Amid a global downturn in 2020, Guyana boasted record economic growth of over 43 percent, as it became the world’s newest oil exporter. The exploration of recent discoveries will unlock more oil riches yet for the small South American nation.
In a nutshell
- Guyana’s economy soared despite the pandemic crisis
- Oil discoveries have opened a new path to growth
- Regulatory and political challenges still loom
There is an alternative universe sitting on the northeast shoulder of South America. As the global economy shrank 3.3 percent in 2020, with nearly every country dipping into negative territory, Guyana recorded economic growth of more than 43 percent.
The force behind this result? Oil. Although the COVID-19 crisis forced many oil producers to scale down on their production, Guyana joined the club of oil exporters in 2020, shipping its high-quality crude to global markets. That came more than 70 years after the country’s earliest exploration attempts, and after the development, in record time, of its very first discovery in 2015: the ExxonMobil-operated Liza field, among the world’s biggest discoveries of the past decade.

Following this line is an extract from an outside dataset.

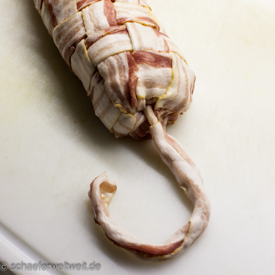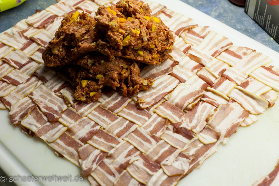 IMG_9194Was gibt es passenderes als am 4. Advent ein bisschen zu Grillen? Diesmal ein weiteres BBQ-Standard Gericht: „Bacon Bomb“ (Speckumwickelter Hackbraten) mit Gorgonzola und Brown-Sugar BBQ-Saucenkruste aus dem Kugelgrill. Benötigt wird dafür 1kg Hackfleisch, 200g (reifer) Gorgonzola, Zwiebeln, Knoblauch, Paprika und noch etwas Bacon … genau 1kg! Aus dem Bacon wird ein Bacon-Netz geflochten (siehe zb. auch Armadillo Eggs oder Gorgonpenjo)

While oil companies are still cautious about their capital spending, Guyana is expected to see a busy 2021, with companies such as American Hess allocating most of their budget for this year to the South American country thanks to attractive project economics. Guyana, the world’s newest oil-producing nation, is also expected to be among the significant contributors to non-Organization of Petroleum Exporting Countries (OPEC) oil supply growth, at least for the next five years.

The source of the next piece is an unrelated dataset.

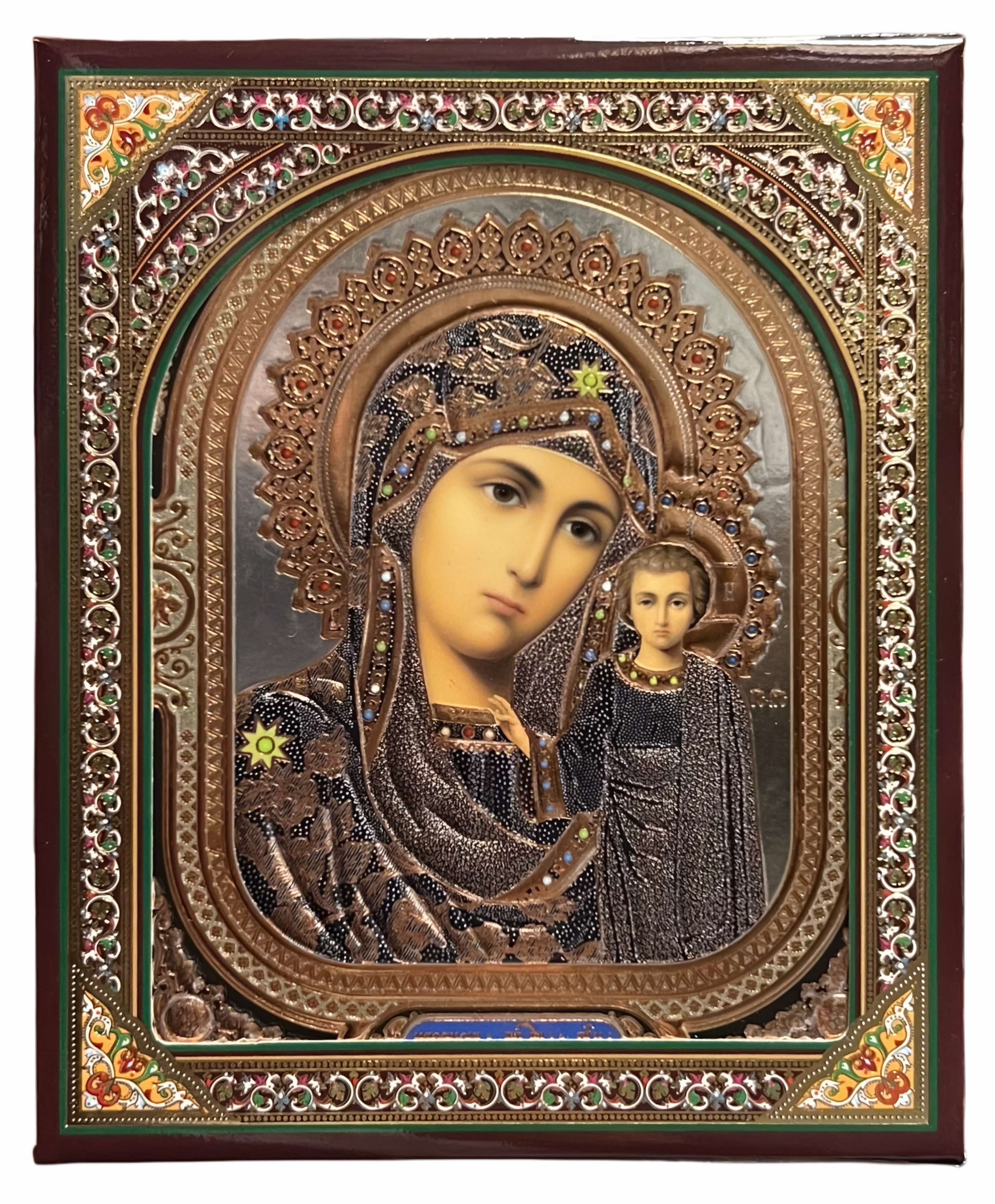 Икона деревянная Казанская 10х12см в киоте (серебреный фон)

Guyana joined the club of oil exporters in 2020, shipping its high-quality crude to global markets.
This dramatic turn of good fortune raises several fateful questions. Will Guyana’s government maintain investment-friendly policies? Can its economy escape the resource curse that has blighted so many other developing countries? Might it be tempted to join OPEC? And how much will its oil outlook – and therefore its economic prospects – be spoiled by the climate agenda? These outcomes will have a significant impact on the country’s outlook and role in global markets.
Guyana has been on the radar of international oil companies for decades, driven by giant discoveries in neighboring Brazil, Venezuela and Trinidad and Tobago. In 2001, the United States Geological Survey (USGS) ranked the South and Central America region third globally for undiscovered oil and gas resources, behind the Middle East and the former Soviet Union. The USGS added that the potential for giant oil and gas fields was greatest in the provinces along the Atlantic margin of eastern South America, including the Guyana-Suriname basin.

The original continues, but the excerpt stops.